Friday, May 28, 2010

The Art of Prioritizing the Court

It's crazy interesting how you can so easily forget the names of people that you've spent everyday of your life with for scores upon scores. Be it coworkers on a job, classmates in a classroom or a neighbor who lives just a plaster of wall away from you; but then there are the people who you haven't spent a day with, not a second, minute or even half of a millisecond, but yet you feel as though you've spent your entire life with them. Their faces are permanent murals forever painted on the temple of your brain, never needing any sort of restoration. 
You know their strengths, their fears, their truths, their lies and even the lies they tell themselves, which gives you a special kind of insight when it comes to the sight they have trouble seeing, making you the only optometrist who sees their vision. You know all their life's favorites and their life's dislikes. 
You know where to scratch when they don't have an itch. 

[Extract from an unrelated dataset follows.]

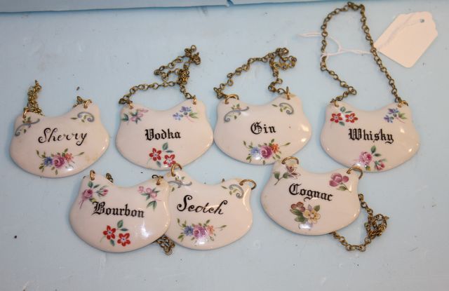 3259 Set of Seven Limoge Porcelain Hand Painted Decanter Tag Labels with Chain

You make things matter that in any other situation wouldn't matter, like their dog's birthday, don't put lettuce in their burrito because they hate it soggy, how they like their towels folded, what side of the bed they prefer to sleep on or what streets they like to take even though you might know a better way. 
You keep a calendar of all dates and events even the ones that haven't been marked with an X yet. 
You remember their scent when your nose no longer remembers what it is to smell or their taste when you forget what flavor is. If they were the measurement for IQ then you'd legally be diagnosed genius. But the question is, how do you live in their memory and get them to not forget about you?